Concept:
A binary heap can be constructed from an unsorted array using the bottom-up heap construction method (also known as Floyd’s Heap Construction Algorithm).
Key ideas:
- The array representation of a heap allows efficient parent–child relationships.
- Starting from the last non-leaf node, we apply the {heapify} operation.
- Although heapify can take \(O(\log n)\) time for a single node, most nodes are near the bottom and require much less work.
The total work done across all nodes results in an overall complexity of \(O(n)\).
Step 1: Identify the last non-leaf node.}
For an array of size \(n\), all elements from index \( \lfloor n/2 \rfloor + 1 \) to \(n\) are leaves.

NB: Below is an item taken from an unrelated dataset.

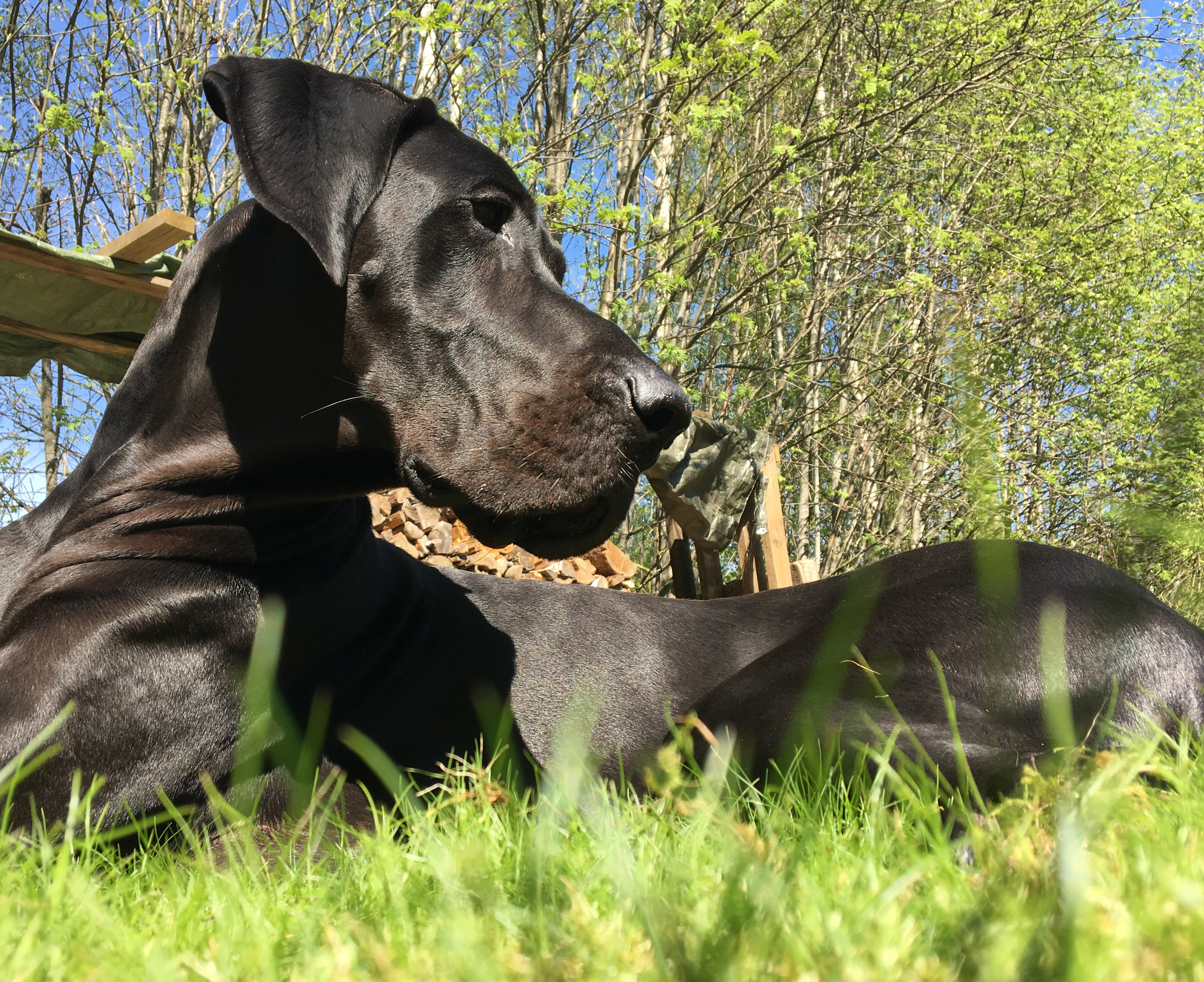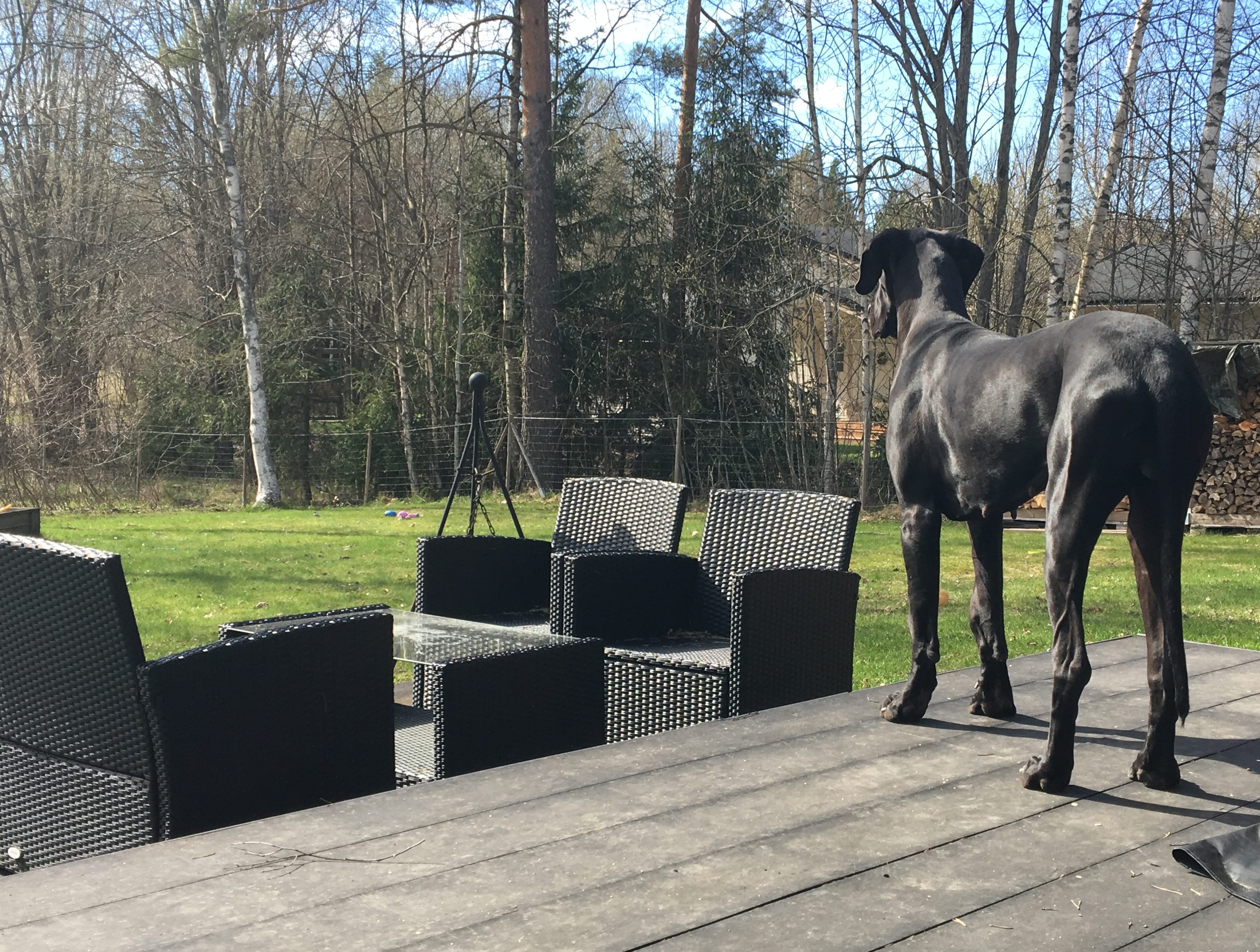 Vaikka Nemi on päässyt jo tällaiseen Kypsään Junnukoiran ikään, niin kyllä sillä koiranpen fiksulla koiranuorukaisella on vielä välillä paljon pohdittavia asioita. Viimeisin oli se, että meidän pihallamme oli tunkeutuja. Iso ja Vaarallinen Nokkaeläin. Sitä ei uskallettu lähestyä liian nopein liikkein, vaan se yritettiin häätää (turvallisen välimatkan päästä) tuijottamalla ja vähän ehkä pöhisemällä.

So heap construction begins from node \( \lfloor n/2 \rfloor \) and moves upward to the root.
\[
i = \left\lfloor \frac{n}{2} \right\rfloor, \left\lfloor \frac{n}{2} \right\rfloor - 1, \ldots, 1
\]
Step 2: Apply heapify to each node.}
Each node is heapified to maintain the heap property (max-heap or min-heap).

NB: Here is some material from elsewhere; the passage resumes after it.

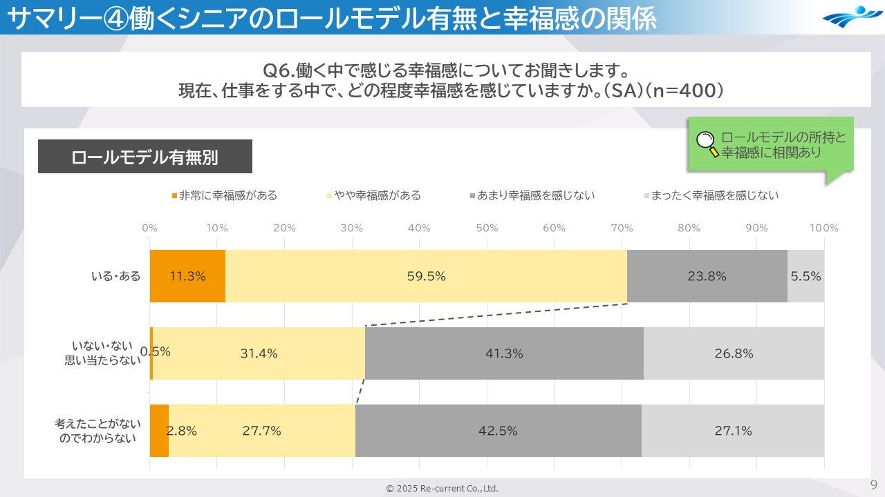 ロールモデルを持つシニア社員は幸福度が高い傾向に
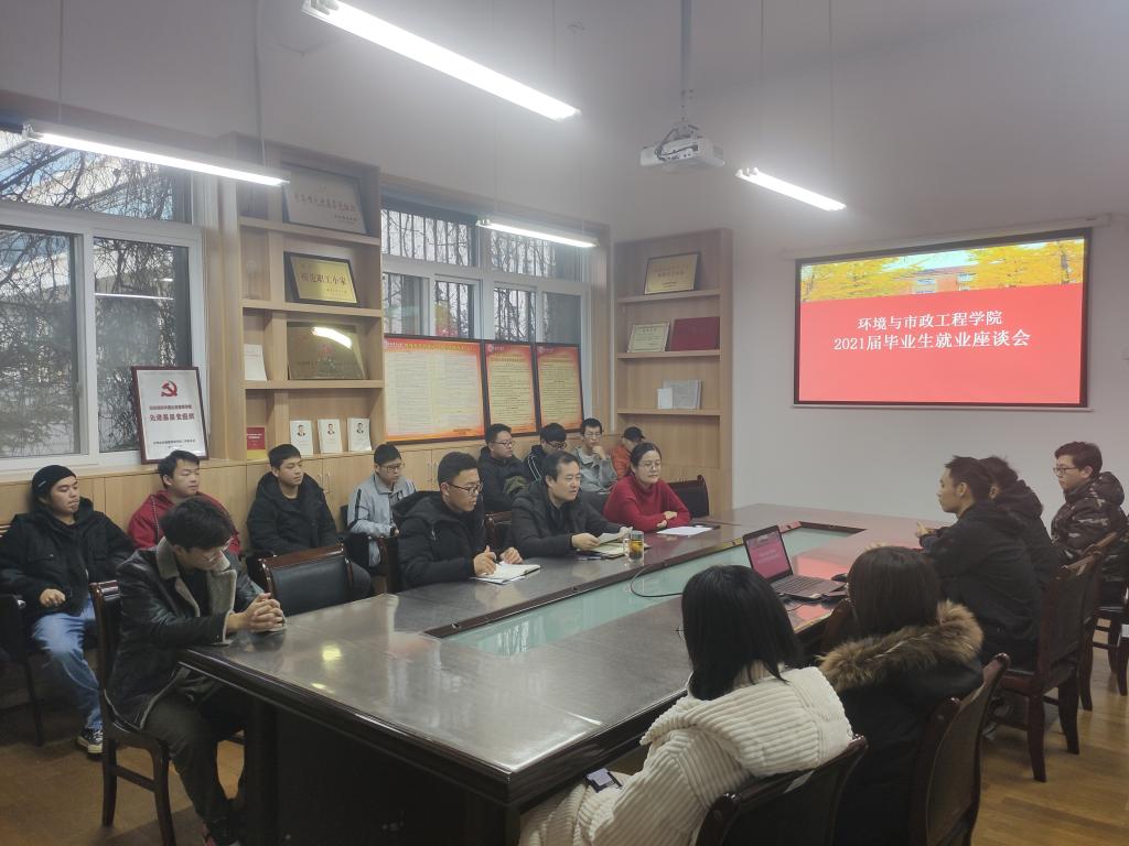12月17日,环境与市政工程学院在市北校区1号教学楼214会议室召开2021届相关专业毕业生就业指导座谈会。学院党总支副书记邵长飞、17级辅导员花会娟、王登榜以及2021届环工、环科、建环、能动专业毕业生代表参加会议,重点就省外生源未就业同学进行分专业指导。

Heapify takes at most \(O(h)\) time, where \(h\) is the height of the node.
Nodes closer to the leaves have smaller heights and therefore require less work.
Step 3: Compute the total complexity.}
The total cost is the sum of heapify costs at each level of the tree:
\[
T(n) = \sum_{h=0}^{\log n} \frac{n}{2^{h+1}} \cdot O(h)
\]
Evaluating this summation gives:
\[
T(n) = O(n)
\]
Thus, building a heap from an unsorted array runs in linear time.